Content starts

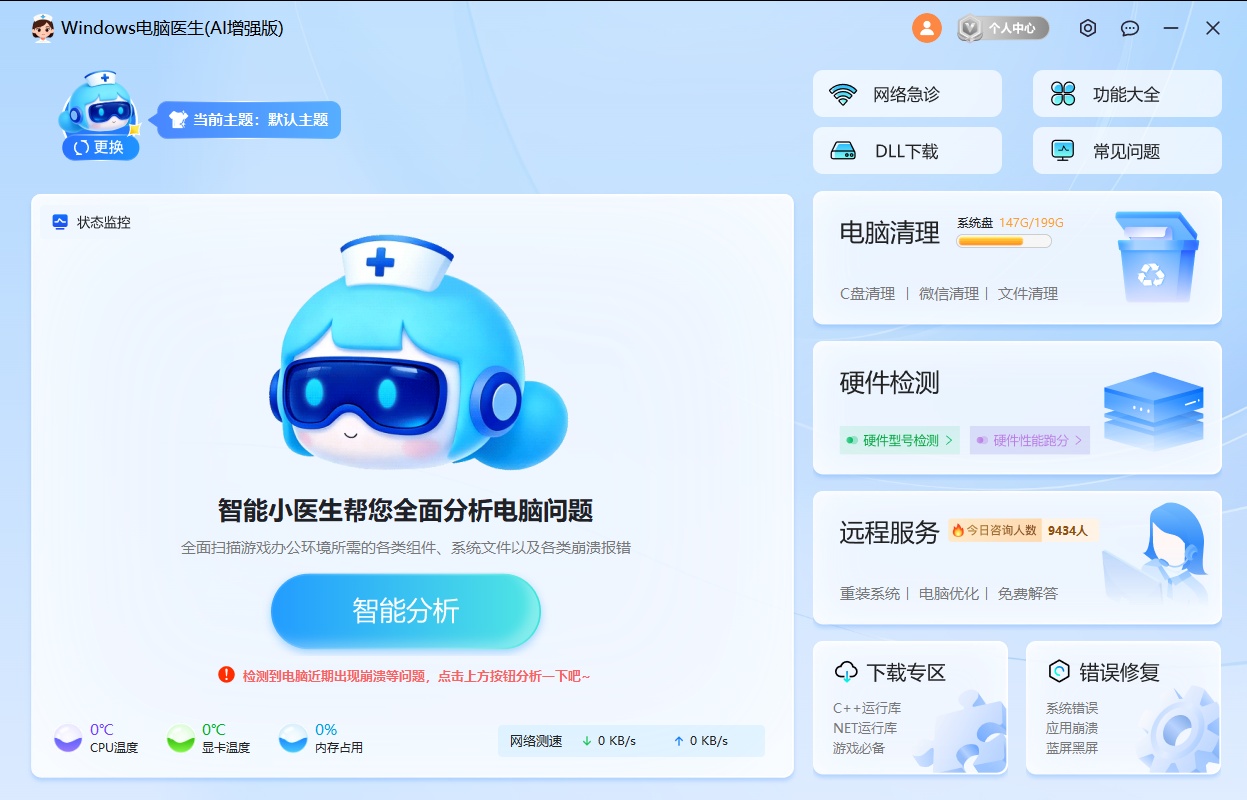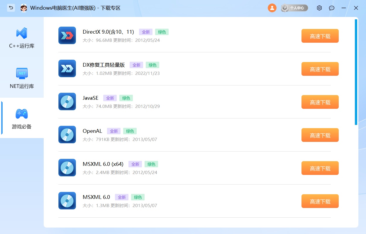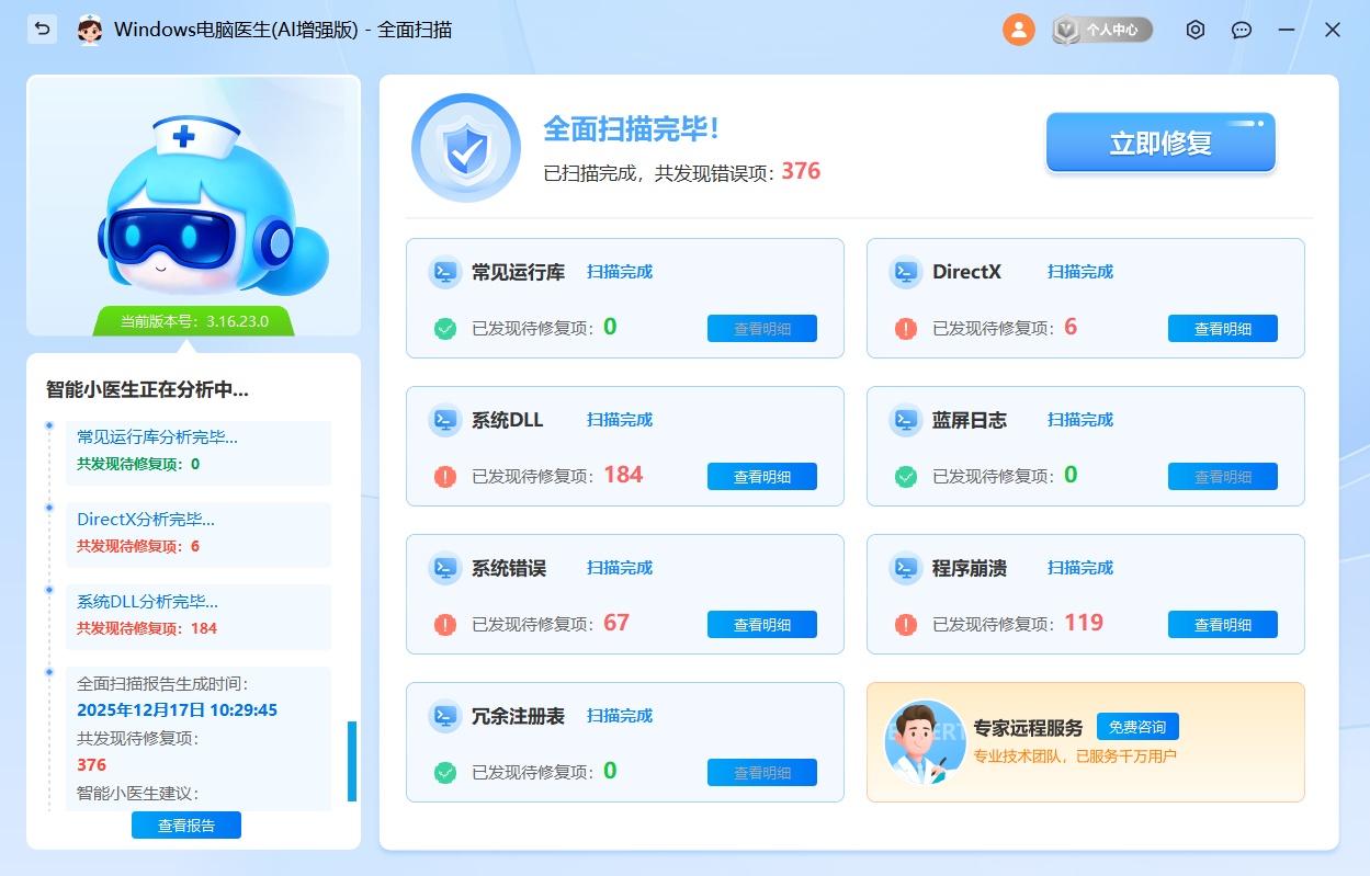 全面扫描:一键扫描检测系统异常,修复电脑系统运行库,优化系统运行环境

Content ends
Content starts

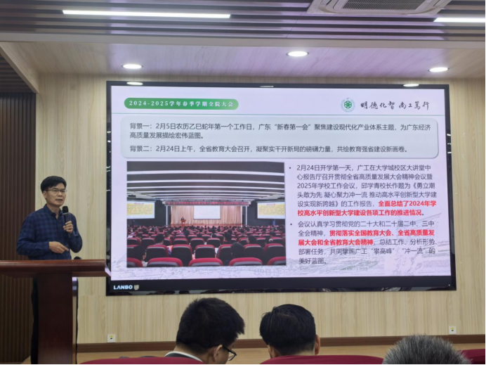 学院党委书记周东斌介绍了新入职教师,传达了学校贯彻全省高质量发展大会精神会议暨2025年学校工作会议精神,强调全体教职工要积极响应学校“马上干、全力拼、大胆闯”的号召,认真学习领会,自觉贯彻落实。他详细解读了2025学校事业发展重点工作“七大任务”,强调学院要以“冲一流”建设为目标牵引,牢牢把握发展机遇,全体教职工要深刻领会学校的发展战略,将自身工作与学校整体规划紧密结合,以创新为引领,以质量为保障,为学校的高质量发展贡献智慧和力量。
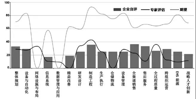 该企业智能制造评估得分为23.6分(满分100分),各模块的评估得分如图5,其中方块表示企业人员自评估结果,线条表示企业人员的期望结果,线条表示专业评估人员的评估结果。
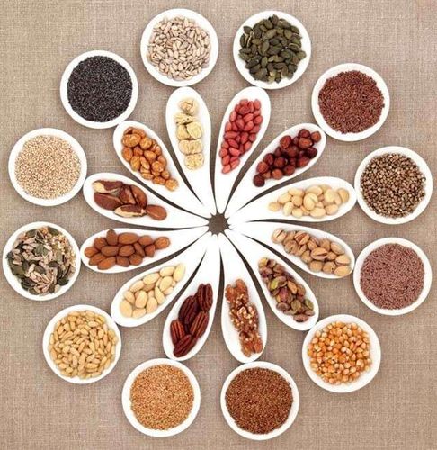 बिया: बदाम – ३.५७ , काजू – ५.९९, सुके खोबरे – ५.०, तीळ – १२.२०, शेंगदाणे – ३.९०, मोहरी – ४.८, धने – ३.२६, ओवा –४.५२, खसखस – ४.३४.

Content ends
Content starts

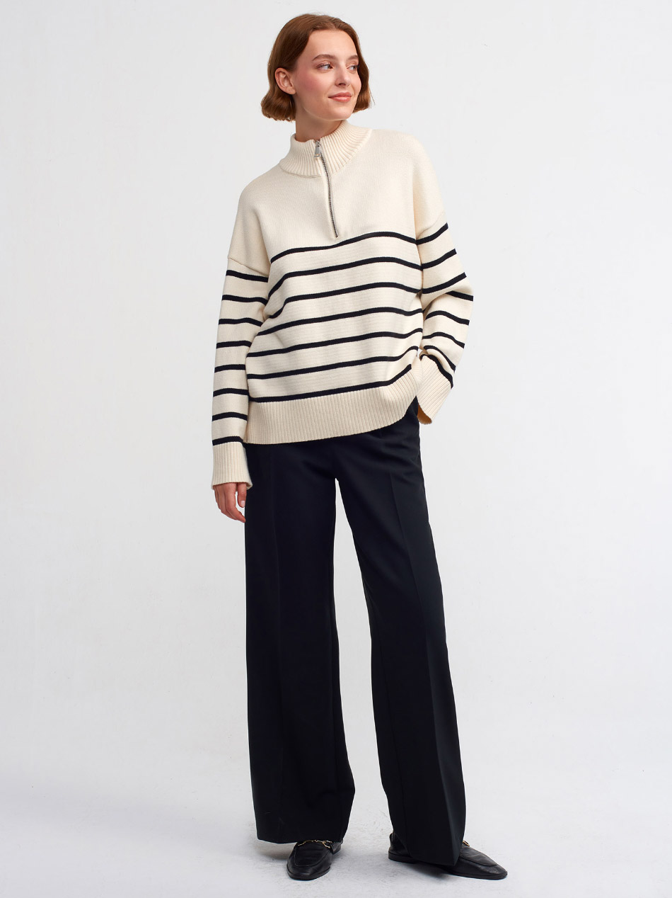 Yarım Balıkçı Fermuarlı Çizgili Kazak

Content ends

(Exercise requirements)
From the line with "学院党委书记周东斌介绍了新入" up to and including the line with "该企业智能制造评估得分为23" above, retype every line exactly and nothing more; leave out the pictures.

(Output)
 学院党委书记周东斌介绍了新入职教师,传达了学校贯彻全省高质量发展大会精神会议暨2025年学校工作会议精神,强调全体教职工要积极响应学校“马上干、全力拼、大胆闯”的号召,认真学习领会,自觉贯彻落实。他详细解读了2025学校事业发展重点工作“七大任务”,强调学院要以“冲一流”建设为目标牵引,牢牢把握发展机遇,全体教职工要深刻领会学校的发展战略,将自身工作与学校整体规划紧密结合,以创新为引领,以质量为保障,为学校的高质量发展贡献智慧和力量。
 该企业智能制造评估得分为23.6分(满分100分),各模块的评估得分如图5,其中方块表示企业人员自评估结果,线条表示企业人员的期望结果,线条表示专业评估人员的评估结果。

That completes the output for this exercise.